**MATERIAL SUPPLIED:**

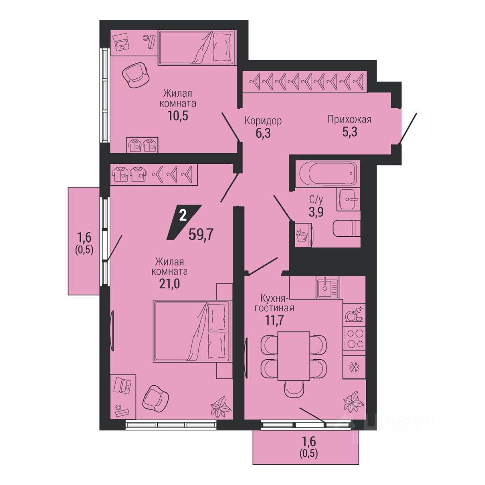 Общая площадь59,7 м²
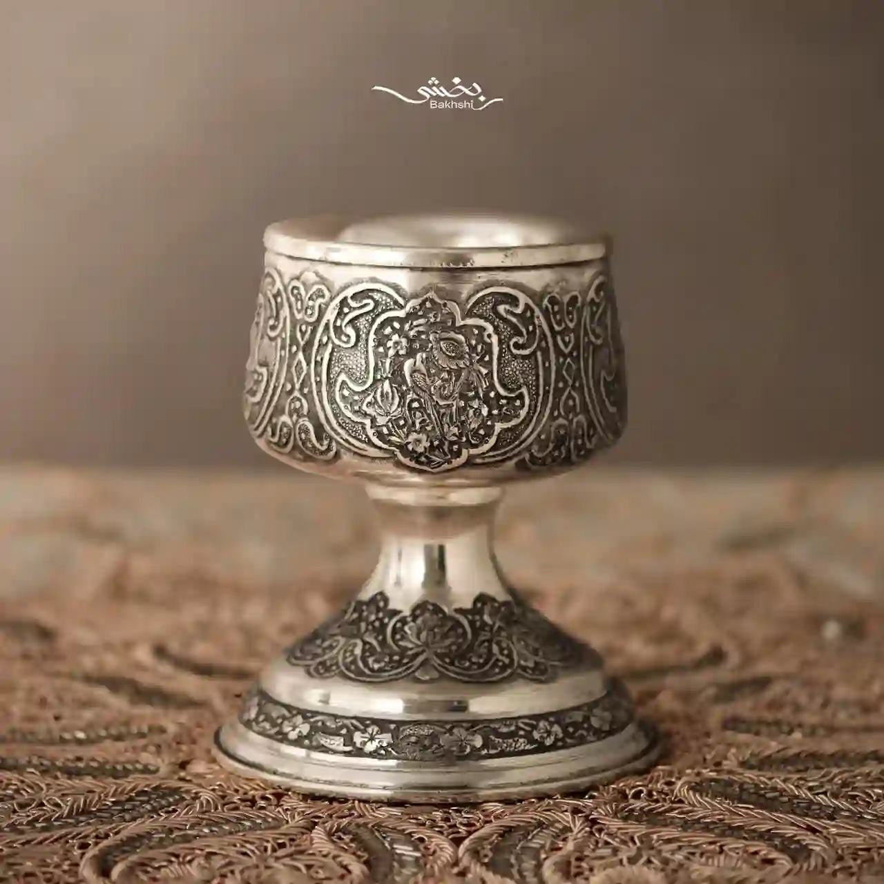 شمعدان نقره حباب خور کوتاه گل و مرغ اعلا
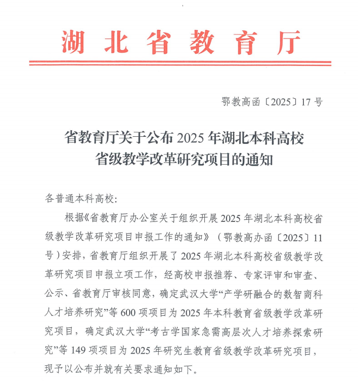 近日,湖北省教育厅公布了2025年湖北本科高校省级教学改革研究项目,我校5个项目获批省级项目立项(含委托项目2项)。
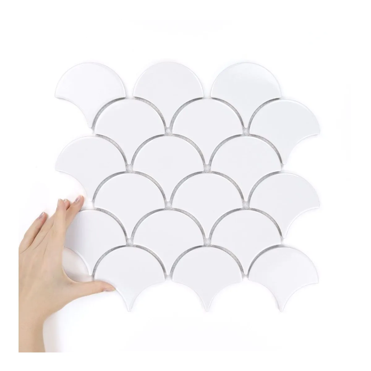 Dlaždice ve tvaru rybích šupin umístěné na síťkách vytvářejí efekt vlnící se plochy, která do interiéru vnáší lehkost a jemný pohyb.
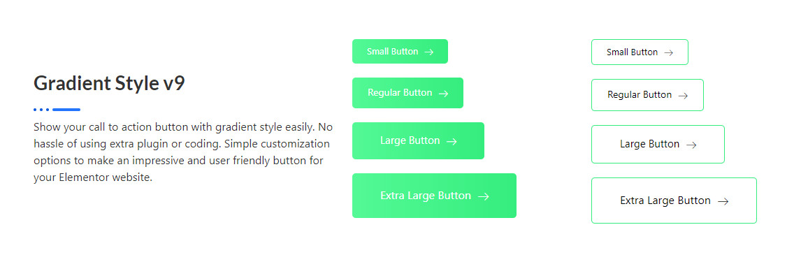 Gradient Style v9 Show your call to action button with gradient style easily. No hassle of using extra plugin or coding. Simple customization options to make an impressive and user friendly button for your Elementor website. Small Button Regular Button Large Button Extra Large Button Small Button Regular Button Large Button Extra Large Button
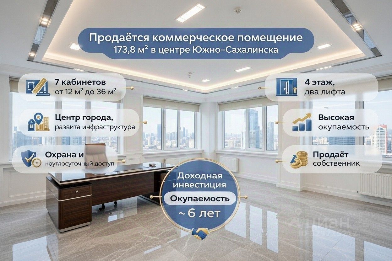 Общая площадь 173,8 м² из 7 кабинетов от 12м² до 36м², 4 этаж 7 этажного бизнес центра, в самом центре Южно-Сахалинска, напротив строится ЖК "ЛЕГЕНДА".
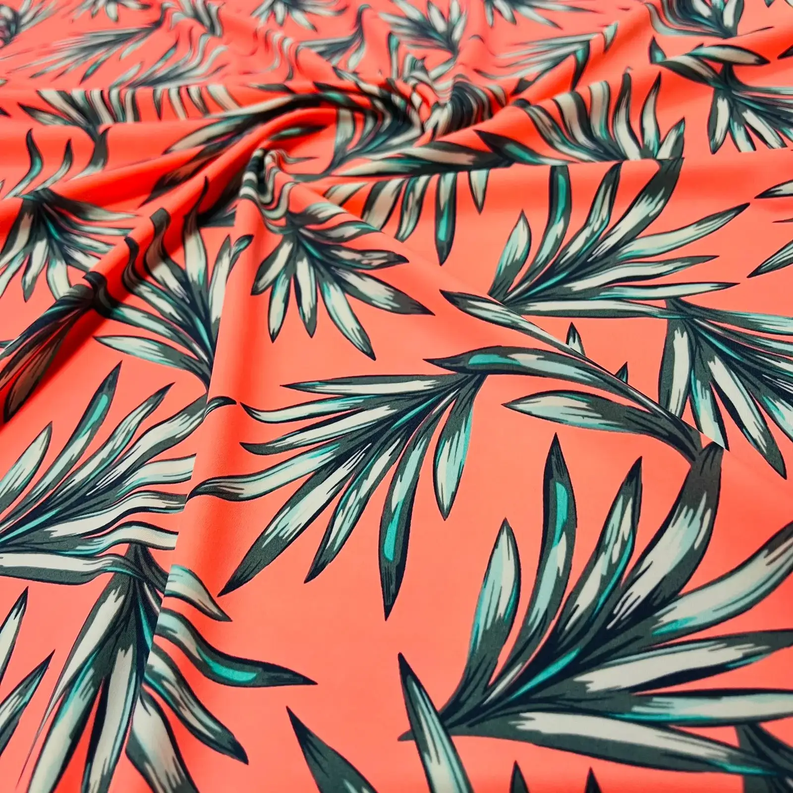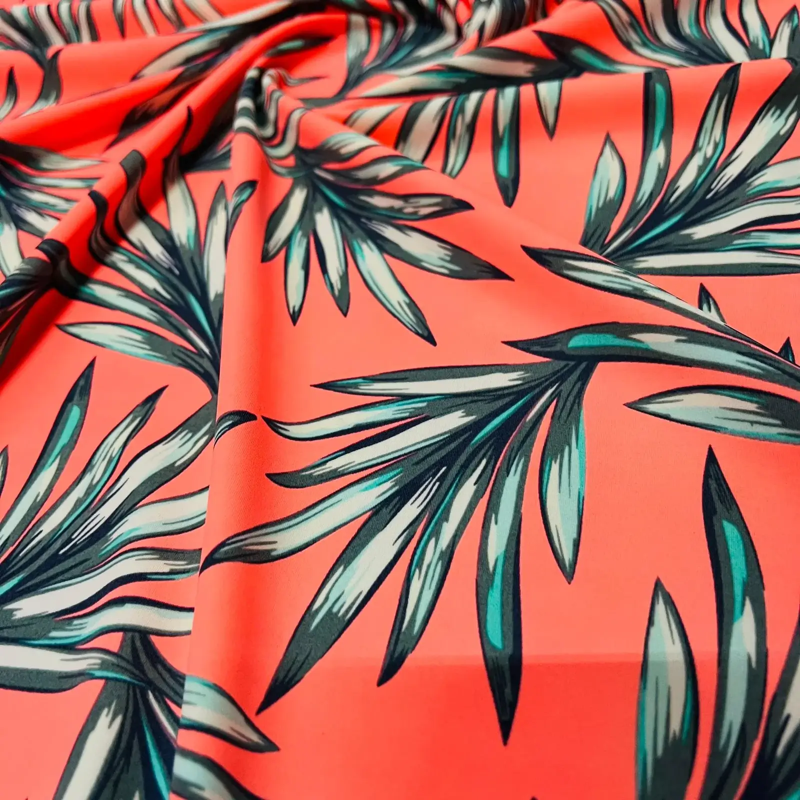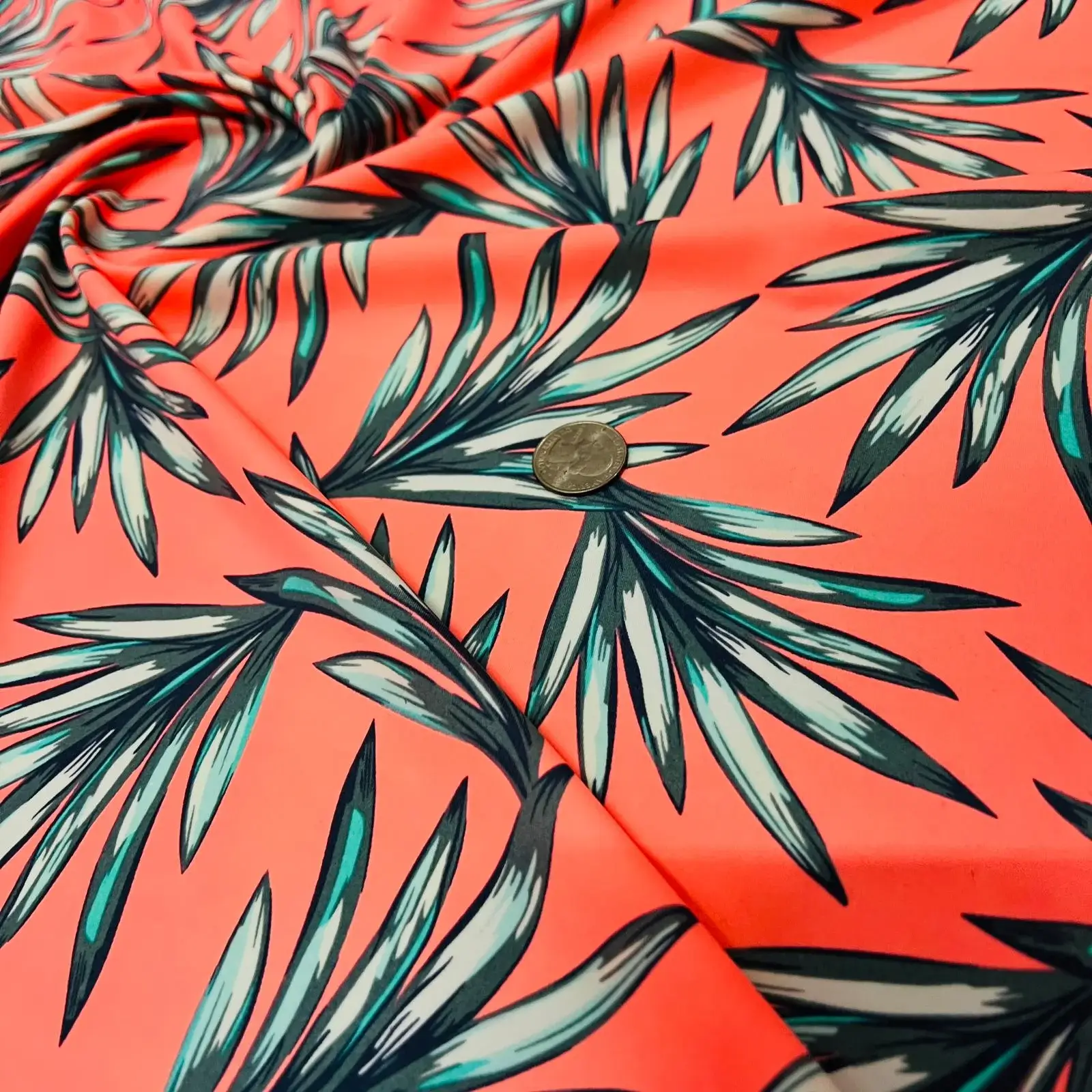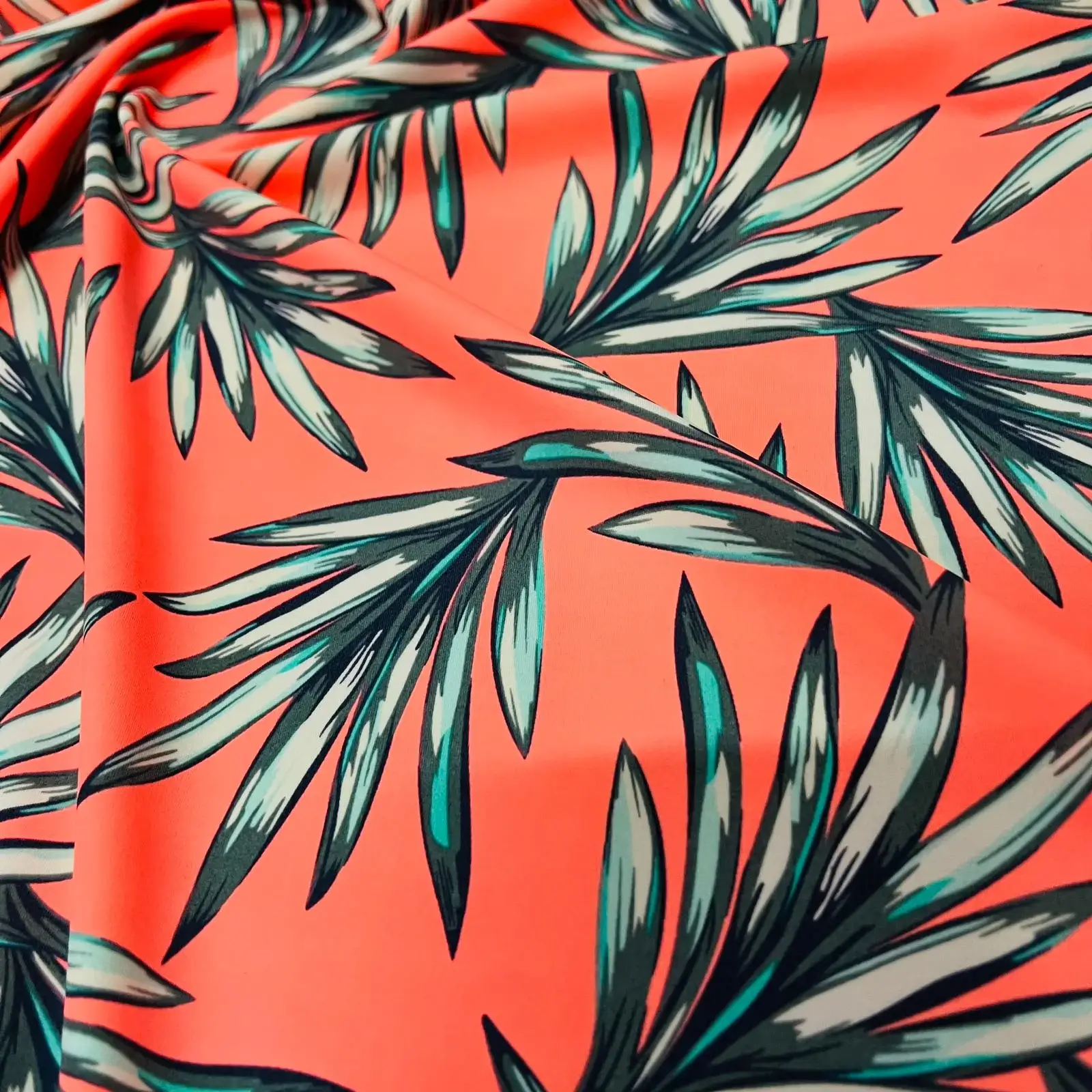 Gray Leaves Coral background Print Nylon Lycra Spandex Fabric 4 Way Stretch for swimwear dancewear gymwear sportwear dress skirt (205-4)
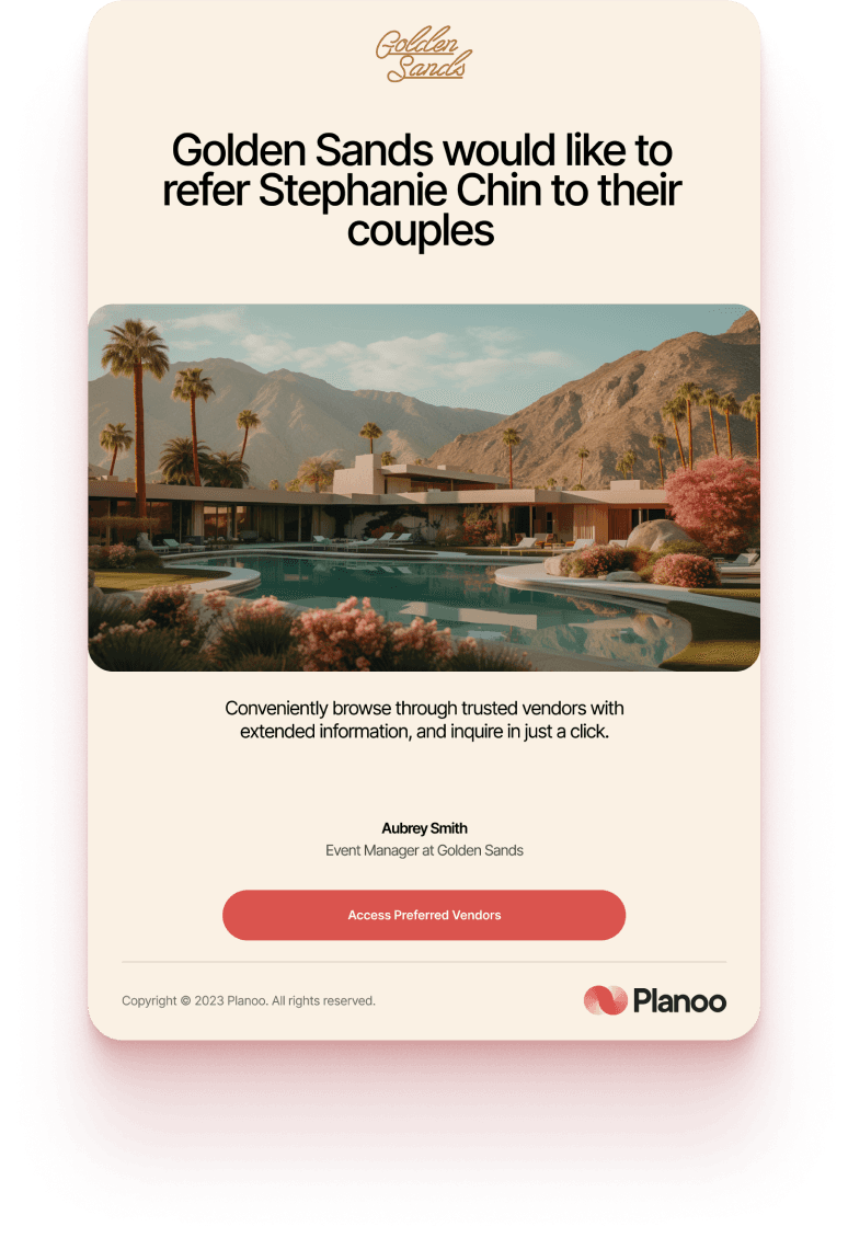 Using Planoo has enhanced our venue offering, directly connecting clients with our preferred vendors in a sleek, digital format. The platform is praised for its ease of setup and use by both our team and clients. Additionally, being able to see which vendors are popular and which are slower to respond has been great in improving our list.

**INSTRUCTIONS TO FOLLOW:**
Repeat the entries verbatim; no pictures.

**THE ANSWER:**
 Общая площадь59,7 м²
 شمعدان نقره حباب خور کوتاه گل و مرغ اعلا
 近日,湖北省教育厅公布了2025年湖北本科高校省级教学改革研究项目,我校5个项目获批省级项目立项(含委托项目2项)。
 Dlaždice ve tvaru rybích šupin umístěné na síťkách vytvářejí efekt vlnící se plochy, která do interiéru vnáší lehkost a jemný pohyb.
 Gradient Style v9 Show your call to action button with gradient style easily. No hassle of using extra plugin or coding. Simple customization options to make an impressive and user friendly button for your Elementor website. Small Button Regular Button Large Button Extra Large Button Small Button Regular Button Large Button Extra Large Button
 Общая площадь 173,8 м² из 7 кабинетов от 12м² до 36м², 4 этаж 7 этажного бизнес центра, в самом центре Южно-Сахалинска, напротив строится ЖК "ЛЕГЕНДА".
 Gray Leaves Coral background Print Nylon Lycra Spandex Fabric 4 Way Stretch for swimwear dancewear gymwear sportwear dress skirt (205-4)
 Using Planoo has enhanced our venue offering, directly connecting clients with our preferred vendors in a sleek, digital format. The platform is praised for its ease of setup and use by both our team and clients. Additionally, being able to see which vendors are popular and which are slower to respond has been great in improving our list.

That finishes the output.